アマミトゲネズミから作ったiPS細胞が混ざったマウス(宮崎大の本多新研究員提供)

 絶滅危惧種に指定されている国の天然記念物アマミトゲネズミの細胞から人工多能性幹細胞(iPS細胞)を作り、精子や卵子に成長させることに成功したと、宮崎大などのチームが12日、米科学誌電子版に発表した。

 マウス、ラット以外の動物のiPS細胞から精子や卵子を作ったのは世界初といい、チームは「種の多様性を確保する手段としてiPS細胞が役立つ可能性がある」としている。

 アマミトゲネズミは鹿児島県の奄美大島にのみ生息する日本の固有種。森林伐採や野良猫などによる食害で個体数が激減している。生物学的にも、ほとんどの哺乳類の雄が持っているY染色体を持たず雌雄で遺伝情報の違いがほとんどないという珍しい特徴がある。

 チームは雌のアマミトゲネズミの尾からiPS細胞を作製。マウスの受精卵に入れた後に子宮に移植し、マウスとアマミトゲネズミの二つの細胞が混在する雄や雌のマウスを産ませた。

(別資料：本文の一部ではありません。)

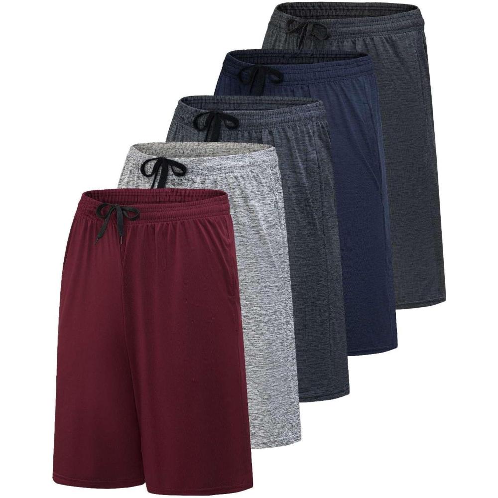 Real Essentials Men’s 5 Pack: 9″ Dry-Fit Shorts – Athletic Gym, Workout, Basketball, Running, Casual Lounge Active Pockets(Set E)
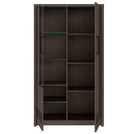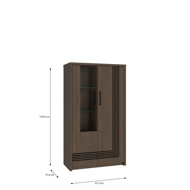 Fronty i korpus witryny Eufemius 621 wykonane są z laminowanej płyty wiórowej w dekorze dąb Mazurski, który pięknie odwzorowuje naturalne usłojenie drewna. Ten wybarwiony odcień dodaje wnętrzu ciepła i przytulności, a jednocześnie doskonale komponuje się z nowoczesnymi dodatkami. Szklane fronty wykonano z bezpiecznego, hartowanego szkła, co pozwala na efektowne oświetlenie ekspozycji. Metalowe uchwyty w kolorze czerni stanowią gustowny kontrast i podkreślają współczesny charakter mebla.
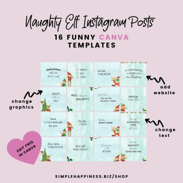 You can get this set of 16 funny Instagram Canva Templates with Naughty Elf Design (usual cost $27) for FREE this weekend using coupon code INSTAELF
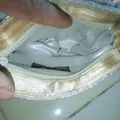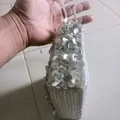 kondisi aman 70%,minus sedikit menguning di bagian puring dalam,tapi tdak terlihat dan pengaruh fungsi,material kain dibalut dengan Payet Payet mewah,Payet belum ada yg lepas,1 ruang penyimpanan berjiper,tidak masuk hp,warna silver masih oke.
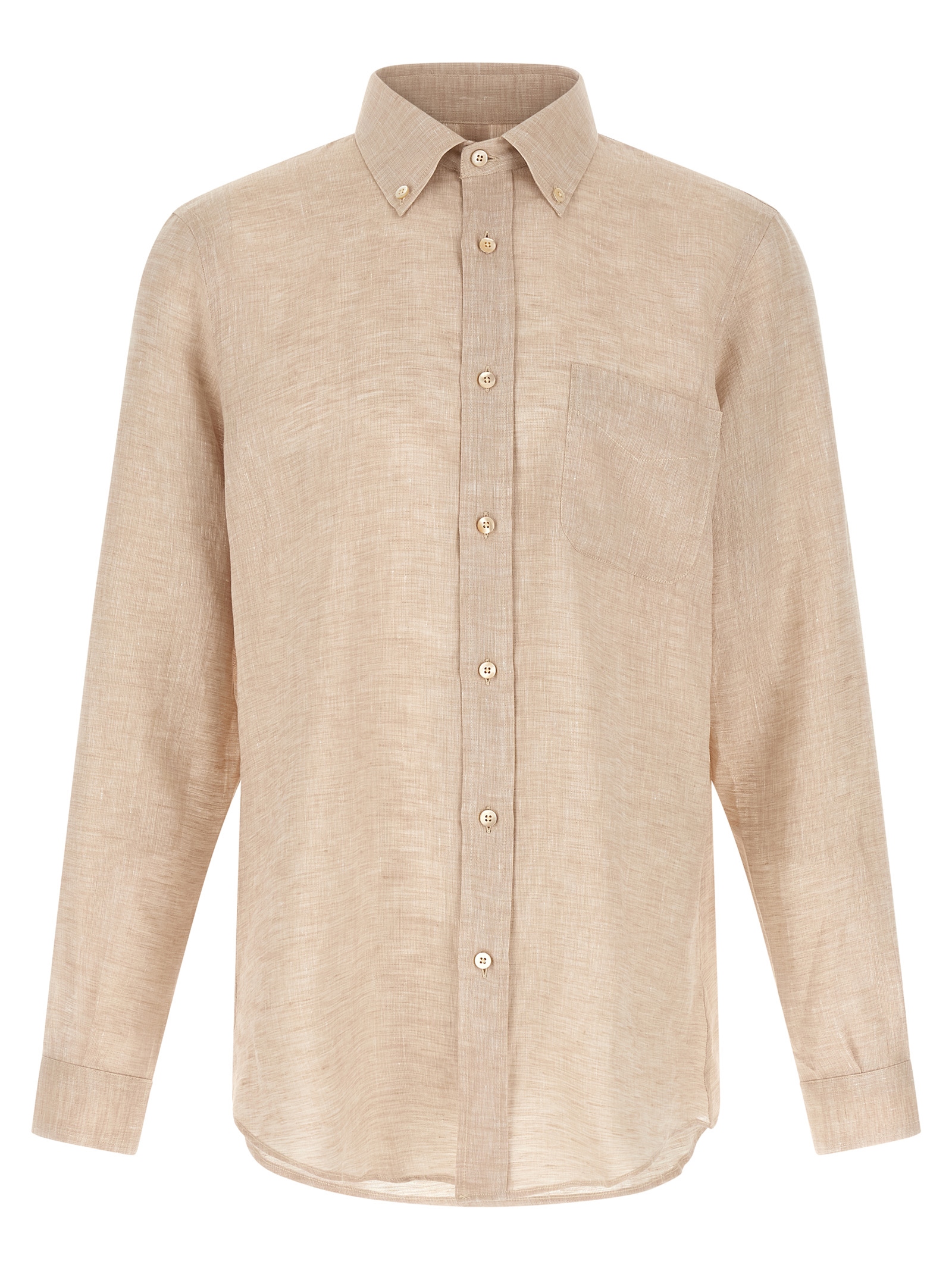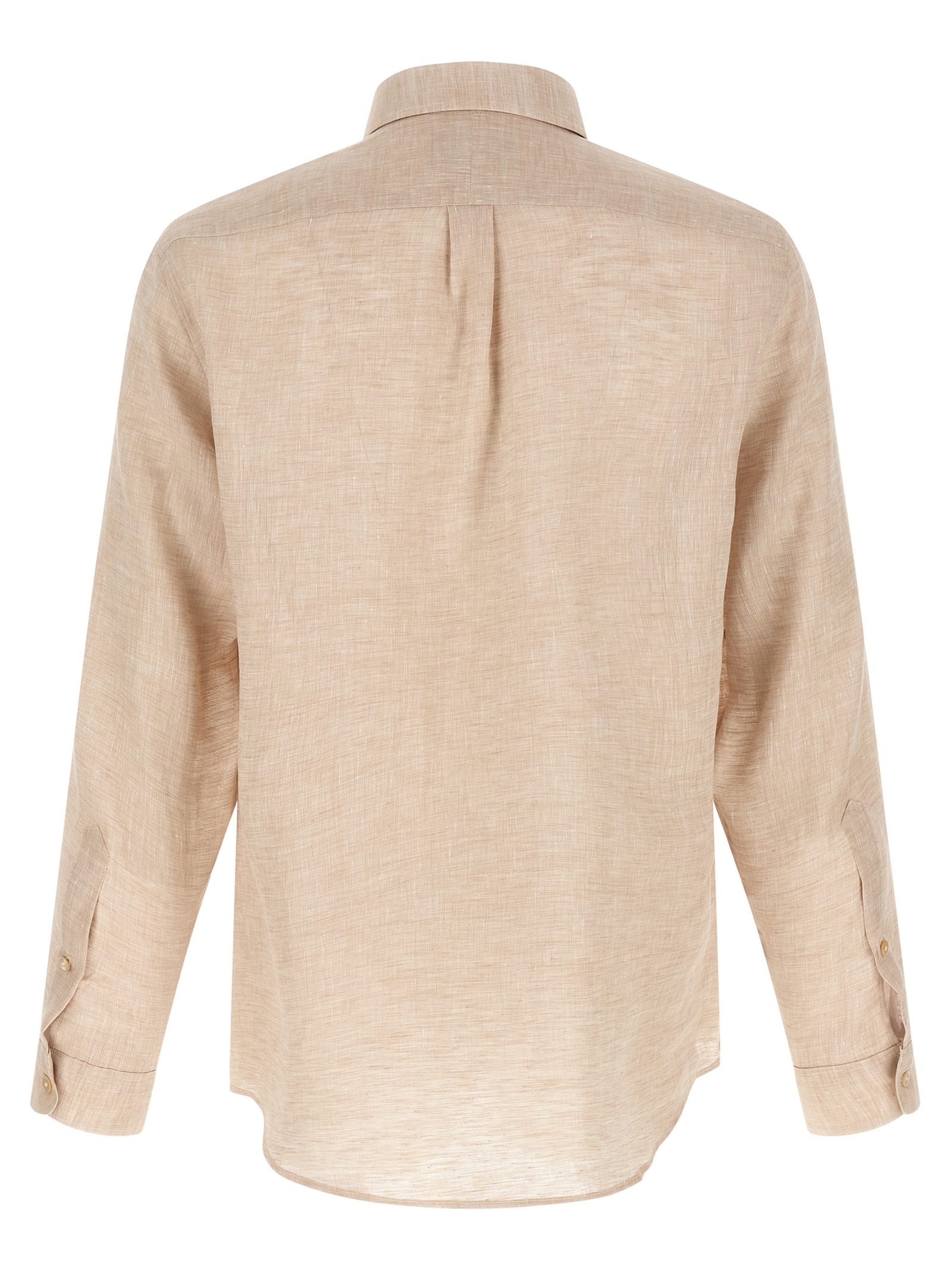 Лляна сорочка, модель на ґудзиках, застібка спереду з перламутровими ґудзиками, нагрудна кишеня, довгі рукави з округлими манжетами, спинка з швом та кулісними складками, округлий поділ.

 これらのマウスが成長した後に精巣や卵巣の中を調べると、ほとんどがマウスの精子や卵子だったが、全体の0・03~0・29%はiPS細胞由来のアマミトゲネズミの精子や卵子だった。

 iPS細胞は医療以外に絶滅危惧種の数を増やす手段としても期待されており、九州大も地球上に3頭しか生き残っていないキタシロサイの卵子作りを研究している。

 宮崎大のチームは、現状では精子と卵子を取り出して体外受精させることは難しいとしており、今後は体外で効率的に卵子や精子を作る方法を研究し、受精卵の作製を目指す。【共同】

■識者談話 生殖能力の確認に期待

 九州大の林克彦教授(生殖生物学)の話 絶滅危惧種でiPS細胞ができたことは、絶滅に備える一つの手段として役立つ可能性があり、素晴らしい成果だ。精子や卵子の生殖細胞にも成長したということだが、次のステップとして、それらが実際に機能し、生殖能力があるかどうかを確かめる必要がある。子どものマウスからiPS細胞由来の精子や卵子を取り出すか、体外で培養する研究の進展が期待される。受精卵作製を見据えると、トゲネズミに適した受精環境を調べる基礎研究も必要だ。